REP. NANETTE BARRAGÁN: Either you’re lying to this committee, or you don’t know what’s happening at the border.

AMY GOODMAN: When she was asked how many children remain detained at the border, Nielsen replied she didn’t have the number handy. And she denied that migrant prisoners are being held in cages. This is U.S. Homeland Security Committee Chair Bennie Thompson questioning Nielsen.

REP. BENNIE THOMPSON: Just yes or no: Are we still putting children in cages?

HOMELAND SECURITY SECRETARY KIRSTJEN NIELSEN: To my knowledge, CBP never purposely put a child in a cage, if you mean a cage like this.

REP. BENNIE THOMPSON: Purposely or whatever, are we putting children in cages, as of today?

HOMELAND SECURITY SECRETARY KIRSTJEN NIELSEN: Children are processed at the border facility stations that you’ve been at. Some of the areas—

REP. BENNIE THOMPSON: And I’ve seen the cages. I just want you to admit that the cages exist.

HOMELAND SECURITY SECRETARY KIRSTJEN NIELSEN: Sir, they’re not cages.

REP. BENNIE THOMPSON: What are they?

HOMELAND SECURITY SECRETARY KIRSTJEN NIELSEN: Areas of the border facility that are carved out for the safety and protection of those who remain there while they’re being processed.

AMY GOODMAN: Our next guest has seen firsthand what our immigration system does to children who come to this country seeking asylum. After working as a volunteer interpreter for children in New York immigration court, Valeria Luiselli wrote a celebrated nonfiction book informed by her experience, titled Tell Me How It Ends: An Essay in Forty Questions. She’s now out with her fifth book, her first novel written in English, titled Lost Children Archive.

Valeria Luiselli, welcome back to Democracy Now!

VALERIA LUISELLI: Thank you. It’s a pleasure to be here with you.

AMY GOODMAN: It’s great to have you with us and to be here on International Women’s Day with you.

VALERIA LUISELLI: Yeah, what a day.

AMY GOODMAN: The significance, why you wrote Lost Children Archive?

VALERIA LUISELLI: Well, I started writing it on a road trip down to Arizona from New York. And I was trying to write another, completely different novel back then, about growing up in post-apartheid South Africa. But the reality—

AMY GOODMAN: You were born in Mexico.

VALERIA LUISELLI: I was born in Mexico but grew up in several countries, among them, South Africa, right—I arrived in South Africa right when Mandela became president. So it was a very peculiar and beautiful time. I’ve been trying to write a novel for years about that, which I haven’t yet written, really. And I was trying to write it during this trip across the U.S.

But the reality in front of me started basically caving in on me. And I started making notes. It was the summer of 2014, exactly when what we can now call the ongoing diaspora of Central Americans fleeing circumstances of unspeakable violence in their countries began, even though their arrivals began before 2014, but that was the year of the surge. So I started documenting not only traveling across the U.S. in that moment and the landscapes, many times the landscapes of abandonment that I was seeing, but also, of course, the way that the crisis was being recounted and reported on in different states by local newspapers, radio. And so this novel is a novel about immigration, but, more than that, it’s a novel about how to bear witness and how to tell the story of what I think is going to be one of the most important discussions in the 21st century, which is global diasporas.
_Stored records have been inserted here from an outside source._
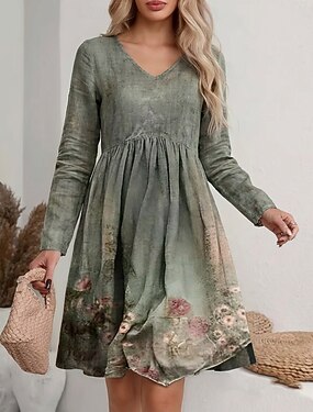 Abito Maxi da Donna Abito A Line Abito Pieghettato Abito Fit And Flare Boho Data Regolare Fit Grafica Floreale Manica Lunga V Collo Verde Primavera Autunno Inverno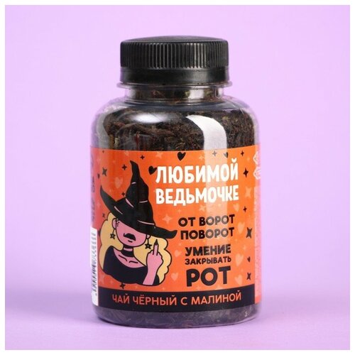 Подарочный чёрный чай с малиной «Любимой ведьмочке», 50 г / 8 марта / Подарок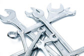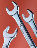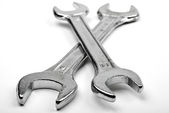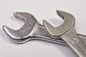 Dwa stary zardzewiały klucz nastawny przekroczył nad sobą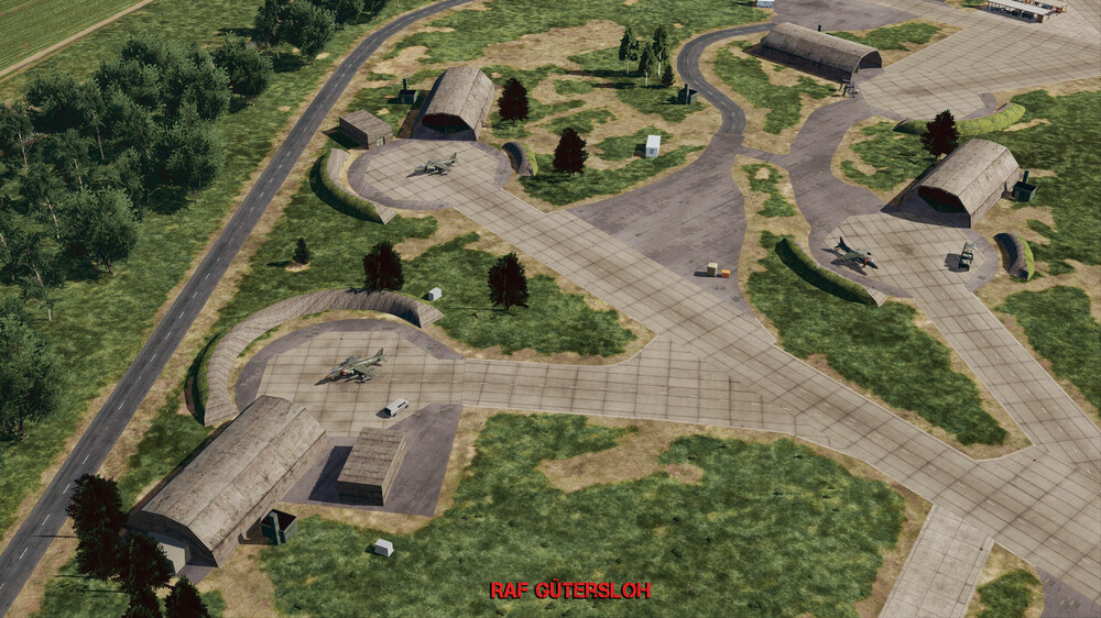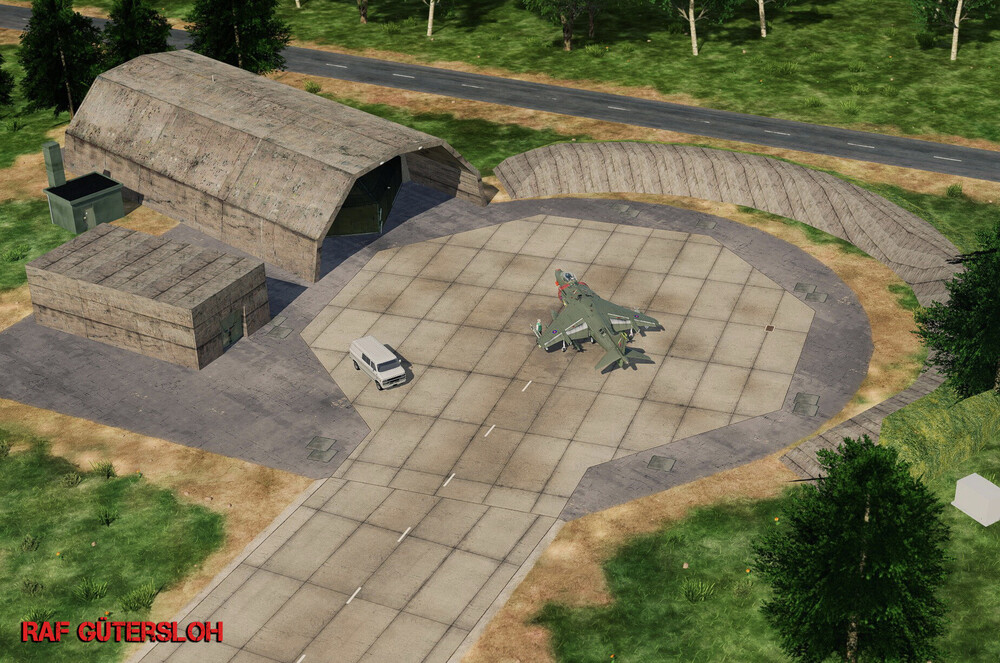 Bought this map 2 days ago. First off, thank you for doing this, UGRA! I know I'm early with this, since a lot will hopefully be added or fixed, but anyway, here we go again... I decided to get back into modding as much as possible. I know I never really finished what I started back then, but I can say I learned a lot. This time it feels different, because it's Germany — I live here on the westide if germany, grew up here, and know many of the bases since I was a little kid in the early '90s. So there's a personal connection to it to some degree. (Even if LA is my second home.) This isn't meant to bash anyone, but I did pay $55 for this map, so yeah — while I don't expect much accurate cities or villages (it's not possible without satellite data or AI generating detailed roadmaps and building placements), I do at least expect the airbases to be accurate. Right now, RAF Gütersloh looks like a civilian airport, with 99% inaccurate buildings. Also, the shelters are wrong — too many colorful buildings and so on. It's fun to have a bike at all the main gates, but I'd prefer accuracy over little details like that. So, I decided to start this project. And yes, it will take time and resources — I'm on my own doing this. More about that later. This is just a start — models are not finished yet, it's all work in progress. The only thing that's finished right now is the shelter concrete texture. Sad thing already: the AI gets scared when you place something "over" their "heads" — jets automatically choose the next available ramp start spot to take off from, even though the shelters don't even have a collision shell yet. Choosing ground start is no option since the Harrier go full speed and just crash somewhere.. very buggy So the idea with Shelters is, to some degree, useless until one of the following happens: - UGRA Media adopts my hardened shelter model, - or they create their own, - or ED tweaks the AI so they're less "scared". (Also hoping the scenery remove object tool gets enhanced too.) enough talk for now... very early stages shots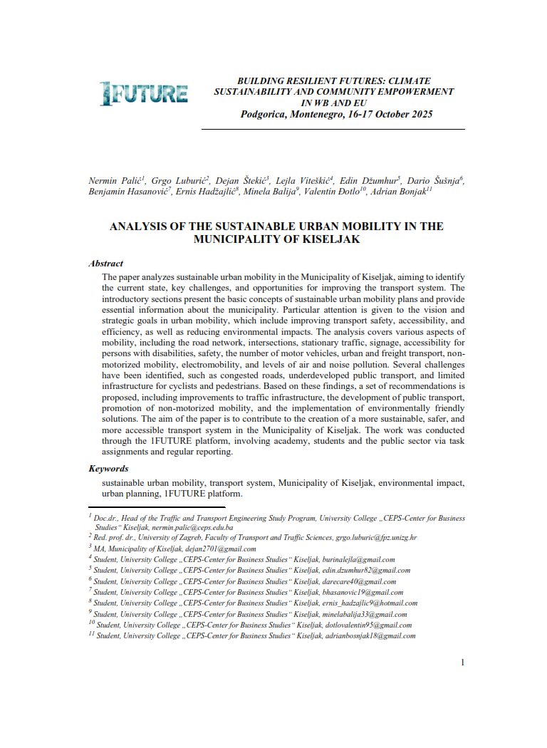 Inicijativa Općine Kiseljak, koja je pokrenuta kao neformalna i pilot-suradnja s akademskom zajednicom, uspješno je privedena kraju uz aktivno sudjelovanje studenata i profesora Visoke škole CEPS. Cilj aktivnosti bio je analizirati stanje urbane mobilnosti u Kiseljaku, kroz terensko istraživanje, razmjenu ideja i promišljanje o mogućim rješenjima za unapređenje lokalnog transportnog sistema.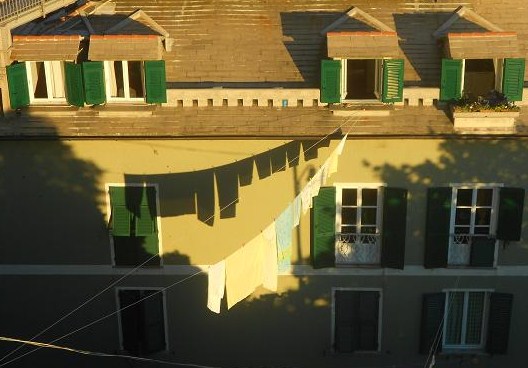 Ingegnosi i genovesi, basta una recinzione alla quale appendere un filo e voilà, ecco trovato il posto per il lenzuolo.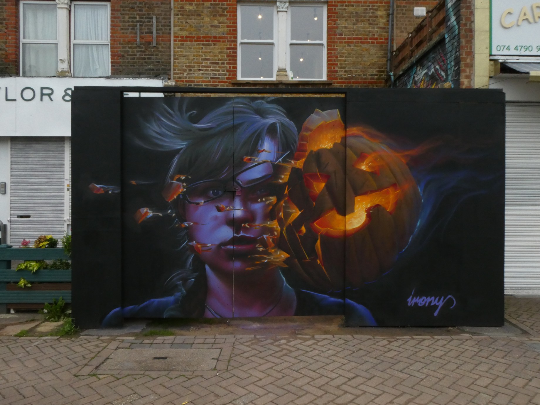 For this post we are taking a look at the first of two recent additions to Penge from Street Artist Irony. The work in question takes on a Halloween vibe and instead of featuring the more traditional ghosts and ghouls themes associated with this time of year it depicts a woman being struck unexpectedly in the face by a flying pumpkin. The work is inspired by a series of photographs by Kajia Straumanis in which the photographer is hit in the face by a range of surprising objects, such as shoes, a ball and a pumpkin. It is the latter image which the photographer granted permission for Irony to use as inspiration for their subject, then just needing the Irony touch to make it their own, infusing that sense of fun that defines much of the artists output. Beyond the fantastic choice of subject we would be remiss if we didn’t mention the incredible level of realism with which Irony injects so much life in to this piece, you really can see the look of dismay on the woman in the painting as things take an unexpected turn, along with the real sense of movement the scene conveys. This fantastic work can be found in Maple Road, Penge and was put up with support from ourselves London Calling Blog.
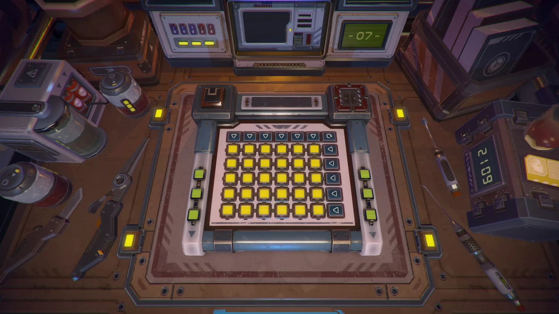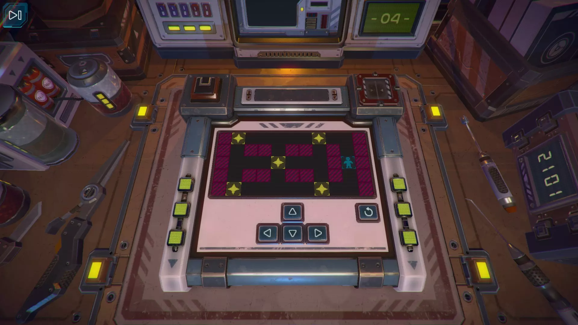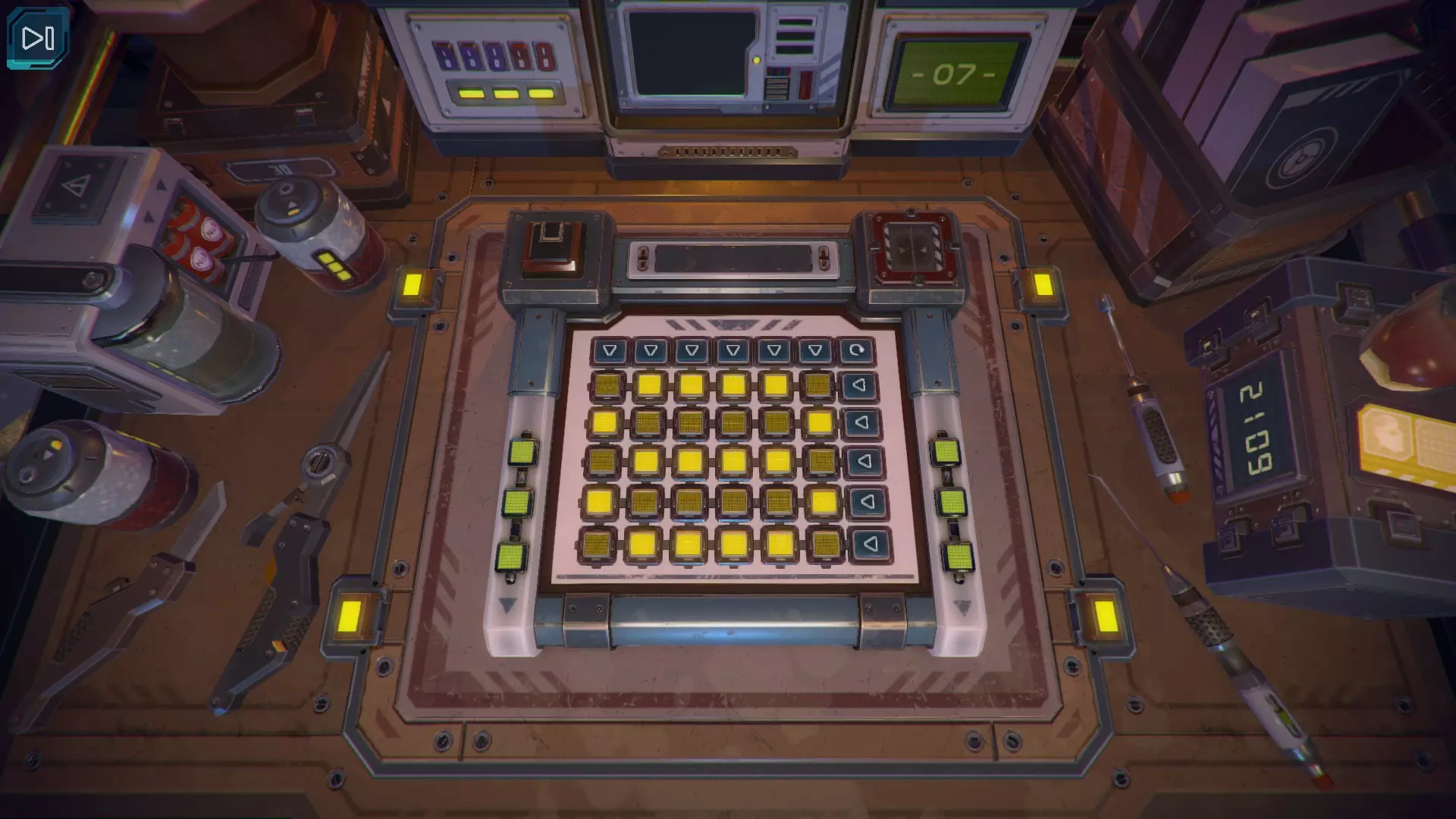 第7关 需要按下共4个按钮: 第一个上箭头; 最后一个上箭头; 右侧第二个箭头; 右侧第四个箭头。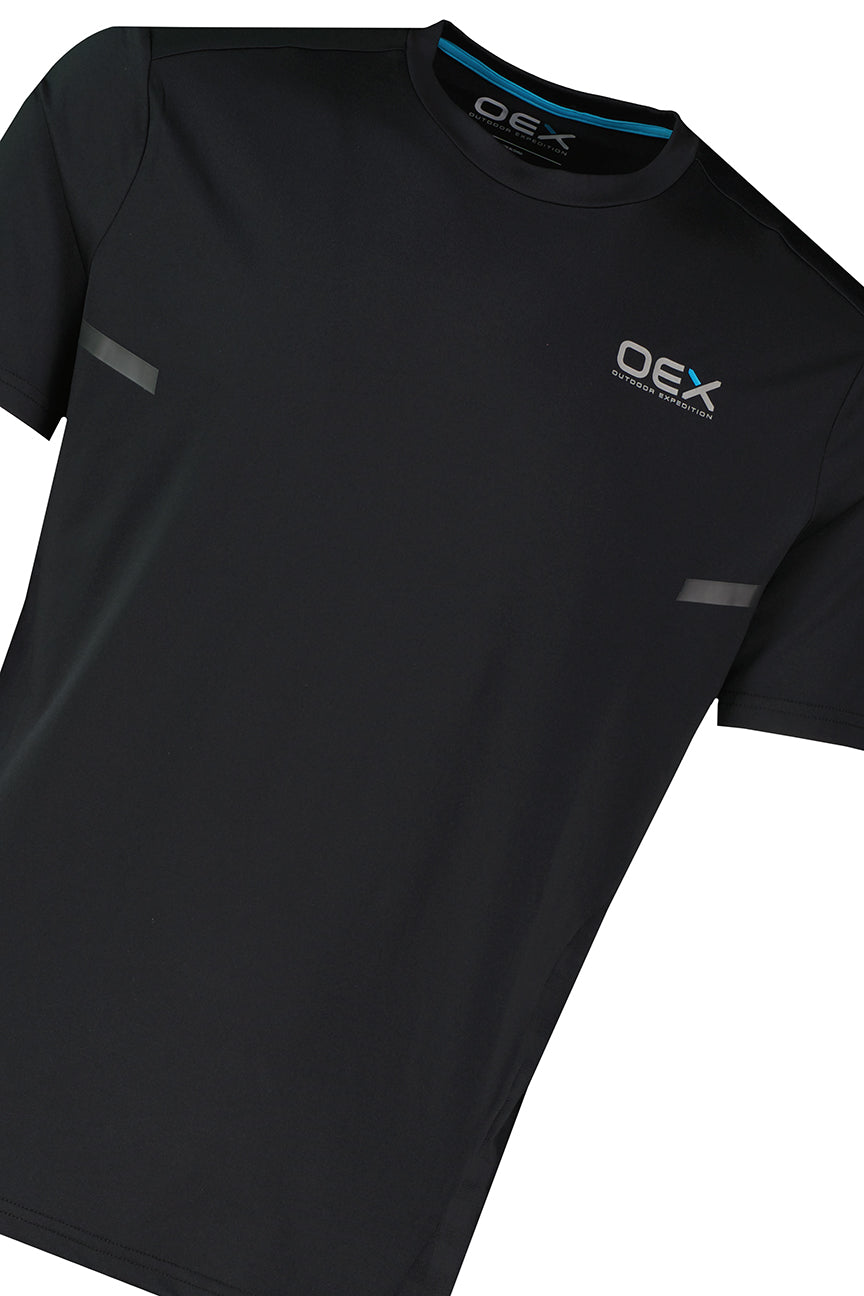 OEX Blue A1B00052-BLK Flash 2.0 T-Shirt in lightweight 90% polyester, 10% elastane construction with laser-cut vents and seamless collar.

AMY GOODMAN: And why did you call it Lost Children Archive?

VALERIA LUISELLI: Well, the title, unfortunately, has somehow gained a new meaning now—right?—as that is also the power and the elasticity of language. When I first thought of that title, it was my working title in 2014, and I was thinking about children who had lost the right to childhood, and children who were not being seen or heard. I was not thinking about children, like the children we think of now as lost children, who have been lost by this administration’s separation policy and having lost track of whose kid is whose parent, and are therefore lost within the loop of this system. Unfortunately now, this title also somehow references that, what we think of now as lost children.

AMY GOODMAN: You write that ”Lost Children Archive is more a questioning of how and where we should stand in order to document political violence.”

VALERIA LUISELLI: Right. I started writing this novel, and at the same time as I was writing it, I was working as a volunteer screener and translator in the court of immigration here in New York, listening to children’s testimonies and stories, in an attempt to—among many other volunteers, by the way—in an attempt to get their stories clear and then find a lawyer that might represent them and help them against a deportation order. This was right after the priority docket was created by the Obama administration, that basically served as a way to expedite removals of undocumented, unaccompanied children.

And so, of course, I started using the novel as a kind of depository or vessel of my own political frustration, rage, sadness, confusion. And I also started really ruining the novel, stuffing it with all of that, while also not really doing justice to the issue. I was trying to thread it into a fictional narrative. And so I stopped writing it altogether. I wrote Tell Me How It Ends, which is a book that we’ve spoken about here before, which is a much more straightforward take, a kind of X-ray of the American immigration system, and also an X-ray of this particular diaspora involving children.

And once I wrote that book, I was able to return to the novel and think of it as a space that was more multilayered and less stuffed, more porous, that reflects on how—where we should stand to bear witness, and not so much—it’s not so much a hammer, a political hammer, as it is a space of reflection about our own space of enunciation when we think about political violence.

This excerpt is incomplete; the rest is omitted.